A few days later as we opened the hood on our farm truck, Dora-the-Explorer, to refill the oil (it has an unfixable leak, naturally), we saw a lovely, huge rat nesting in a corner of the engine. She was intrepid; she was actually using the dryer sheets as part of her nest. My husband chased her around the engine for a few minutes, and then I grabbed her by the tail and threw her away from the truck, unwittingly in the direction of my sister-in-law's boyfriend who grew up in New York and is therefore not fond of rats. He recovered quickly, and, happily, so did she.

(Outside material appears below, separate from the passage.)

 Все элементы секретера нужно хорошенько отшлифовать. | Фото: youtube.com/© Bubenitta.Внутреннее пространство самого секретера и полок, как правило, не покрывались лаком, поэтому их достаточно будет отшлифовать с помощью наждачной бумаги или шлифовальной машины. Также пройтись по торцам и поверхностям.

A few days after that I found another rat outside--missing part of her tail--nesting in the box which houses the batteries for our garden pumps (charged by a small solar panel). I told her, “you know what, honey? That's just fine. You stay right here and make your little nest and I'll leave you be. No need to shake so hard.”

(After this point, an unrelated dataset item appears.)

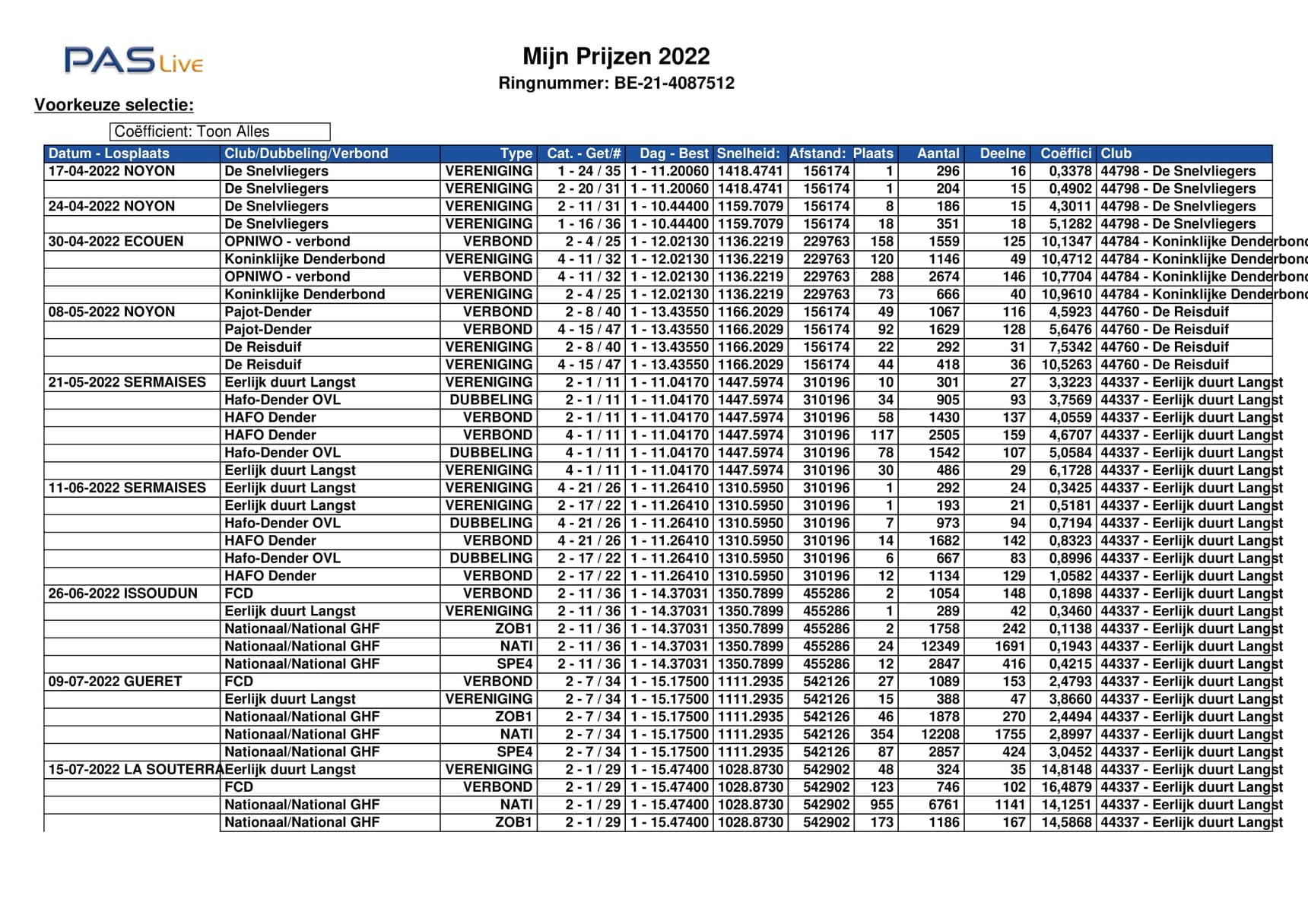 5th Nat. ace old birds on 8 national races great middle distance ’22 – Pipa Ranking

It felt like a tiny victory in the direction of decency toward another of the creatures with whom I share this Earth. Finally I could let one of them live, build a home, procreate, etc. Imagine my disappointment when my husband found the rat, and worse, learned that I knew she was there and had done nothing to get rid of her. “Remember the chewed-up wiring I had to fix on the batteries last week? It is NOT okay for her to stay in the battery box!” Duhhhhh!

Meanwhile, the bunnies keep multiplying like...I'm sorry, truly...rabbits.  And, for months now we've not seen or heard sign of coyote, which probably means some genius in the neighborhood decided it would be a brilliant idea to shoot them, thus depopulating the landscape of one of rodents' primary predators. Times like this I really think everyone should have to study differential equations (jokes that only a biologist could love).

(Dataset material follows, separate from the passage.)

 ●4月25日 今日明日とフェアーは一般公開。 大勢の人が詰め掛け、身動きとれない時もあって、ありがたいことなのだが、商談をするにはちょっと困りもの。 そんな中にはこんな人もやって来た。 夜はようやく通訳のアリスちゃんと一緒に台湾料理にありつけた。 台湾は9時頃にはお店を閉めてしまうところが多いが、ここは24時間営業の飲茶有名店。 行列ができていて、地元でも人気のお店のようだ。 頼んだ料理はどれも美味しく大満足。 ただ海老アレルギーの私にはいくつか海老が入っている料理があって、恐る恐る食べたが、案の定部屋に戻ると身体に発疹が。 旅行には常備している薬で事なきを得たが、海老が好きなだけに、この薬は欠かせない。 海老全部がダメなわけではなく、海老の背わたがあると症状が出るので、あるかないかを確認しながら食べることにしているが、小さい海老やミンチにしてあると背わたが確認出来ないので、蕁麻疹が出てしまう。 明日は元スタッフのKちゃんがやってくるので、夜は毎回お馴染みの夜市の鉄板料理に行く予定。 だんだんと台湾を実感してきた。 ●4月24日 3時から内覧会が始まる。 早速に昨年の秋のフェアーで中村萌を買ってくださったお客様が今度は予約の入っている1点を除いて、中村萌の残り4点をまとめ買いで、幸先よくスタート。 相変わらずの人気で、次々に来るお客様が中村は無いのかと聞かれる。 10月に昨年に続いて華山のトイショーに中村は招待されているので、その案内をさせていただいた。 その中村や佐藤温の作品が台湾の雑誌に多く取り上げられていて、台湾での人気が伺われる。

So, I've started researching online the most effective way to trap a rabbit, the most humane way to kill it, the most efficient way to skin and eviscerate the creature. Things I Never Knew I Needed To Know. I reiterate: bunnies are cute as hell. But they have 75 acres of God-given food they could be eating, and instead they insist on eating the half-acre of human food we labor to produce. I feed them, they feed me. That's how it works.
C'mon.  Be honest.  Could you do it?

But since I'm a coward and a hopeless softie, I'm probably never going to trap a rabbit, at least not 'till after the apocalypse.  So I'm off to the hardware store to find chicken wire with which we hope to rabbit-proof our fence. I'll open the windows, of course, and turn on the fan, to get out the stench of the living or dead mouse or rat currently sharing the car with me.

Sigh.  Is it winter yet?

1 So now you know why it's never become a saying.
2 They don't know! 
3 References available upon request.
4 We never lock it. We live in the country, and we're poor. Burglary is literally the least of our concerns.
5 Attempts to rename Joffrey “Cersei” failed abysmally.
6 And I wonder why I take anti-depressants and anti-anxiety meds.
7 Politely, of course. He is English after all.